The “gold standard” for endometriosis diagnosis is laparoscopic surgery—going in a teeny tiny hole in your belly with a looooong camera: 1) get an idea of what it looks like in there and 2) to grab some tissue to run tests on.
How do you treat endometriosis?
Some folks with endo won’t need medication (other than over the counter pain meds), some will find hormonal birth control really helpful, and some folks will need surgery to help alleviate symptoms—and some people will pursue a few of the treatment routes below. It really varies from person to person!
- Pain medication
NSAIDs like Advil and Motrin are often recommended to help with inflammation and pain. Narcotics (opioids) may also be prescribed.
- Hormonal treatment
Various hormone therapies (including birth control pills, patches, etc.) may be used to flatten hormonal fluctuations—sometimes preventing menstruation and ovulation—which can help control inflammation and, in some cases, shrink endometriotic lesions.
- Conservative surgery
This is the surgical removal of endometriotic lesions without removing the uterus or ovaries (sometimes the endo is gone for good, but there’s a high recurrence rate). This is generally used to treat folks who have pelvic pain and/or infertility and is usually performed laparoscopically (through a teeny tiny hole in the abdomen).
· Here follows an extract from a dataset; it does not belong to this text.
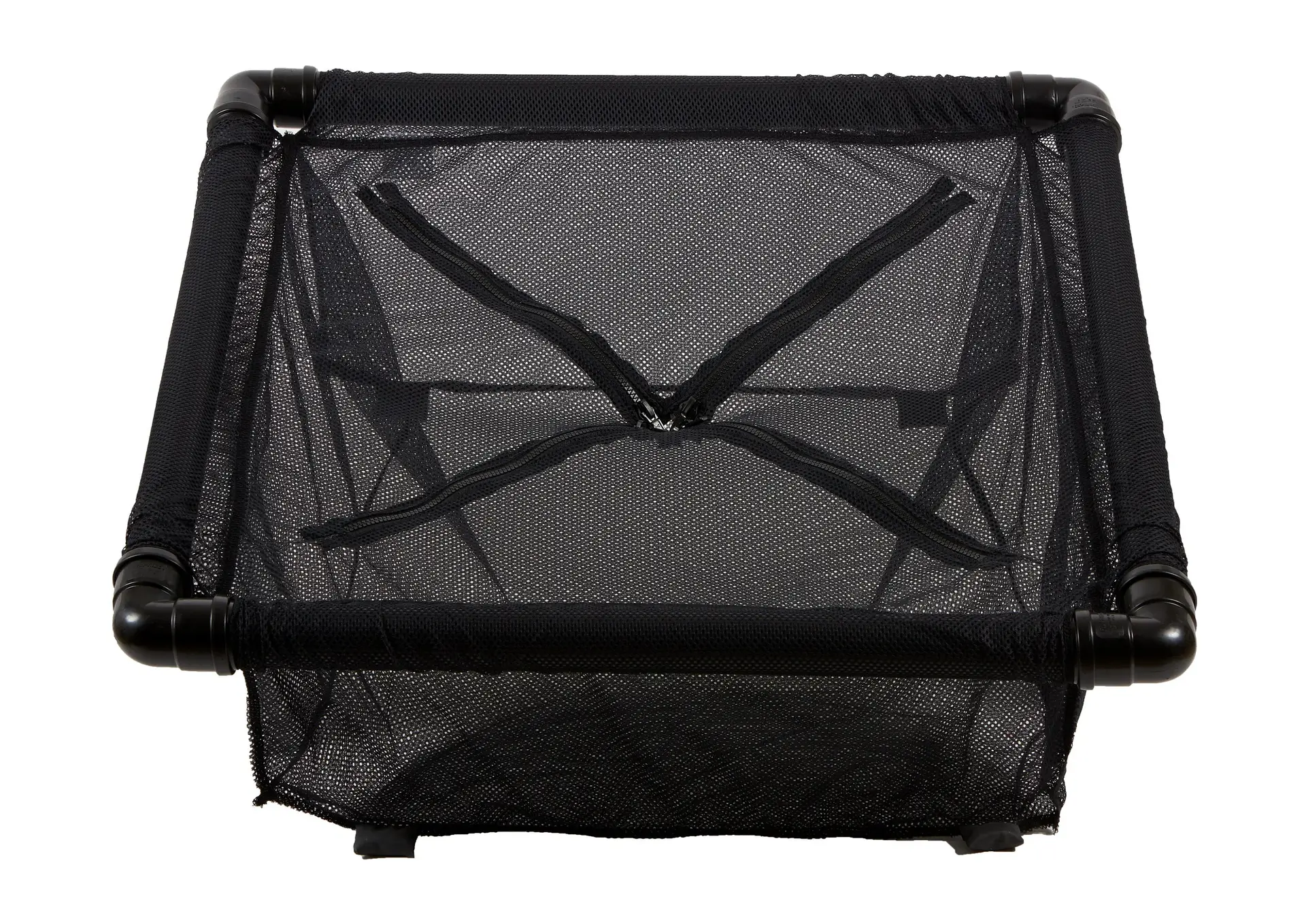This 2ft x 2ft x 2ft Japanese style containment zip cage utilises an innovative floating containment net, made with smooth Black 3mm mesh netting and a 40mm diameter floatation pipework frame. Small lead weights in the bottom corners provide additional stability, ensuring the bottom remains sunken.?

This is the removal of the uterus, and sometimes ovaries (oophorectomy). This used to be the gold standard of treatment for endometriosis, but experts are moving away from this. Removal of the ovaries can lead to premature menopause, which is associated with certain health risks.
- Assisted reproductive technologies
Inflammation can make getting pregnant difficult; reproductive technologies like IVF (in vitro fertilization) can help you reach your goals.
- Pelvic floor physical therapy
Physical therapy can be a great way to alleviate endo pain. Pelvic floor physical therapists can help you elongate spasmodic muscles, create some more mobility between organs that might be a little sticky with endo, and help downtrain your nervous system. If there isn’t a pelvic floor PT is inaccessible to you or you want a little extra PT support, try Pelvic Gym’s Endometriosis program!
There’s little scientific evidence that certain diets or supplements are useful for treating endometriosis symptoms, but anecdotal evidence is somewhat promising. Essentially: if it feels good to you, do it. If it doesn’t, don’t!
Exercise may have the ability to reduce inflammation (a hallmark of endometriosis), but the jury’s still out on whether this is a promising way to reduce pain or not.
Again, not a whoooole lot is known about using weed and CBD to treat endo pain, but so far it seems promising! A self-report study found that most people with endo who’ve tried marijuana find it’s very effective for managing their pelvic pain. And most who’ve tried CBD have found it’s moderately effective for pain.
As with some of the treatment strategies above, we don’t have a lot of data on the use of acupuncture for endometriosis pain. This study from 2017 looks at the handful of papers that have been published on acupuncture for endo, and found it may help reduce pain, but more studies are needed to further investigate.
- Bedroom additions
If pain during sex is one of the symptoms you’re struggling with, bedroom tools like lube, vibrators, and Ohnut can be really helpful!
Getting an endometriosis diagnosis—or even suspecting you have it—can feel really scary. But it’s important to know that there are treatment options that can really help with symptoms, health care practitioners who know their stuff and want to help, and researchers working every year to make advances in endo diagnosis and treatment.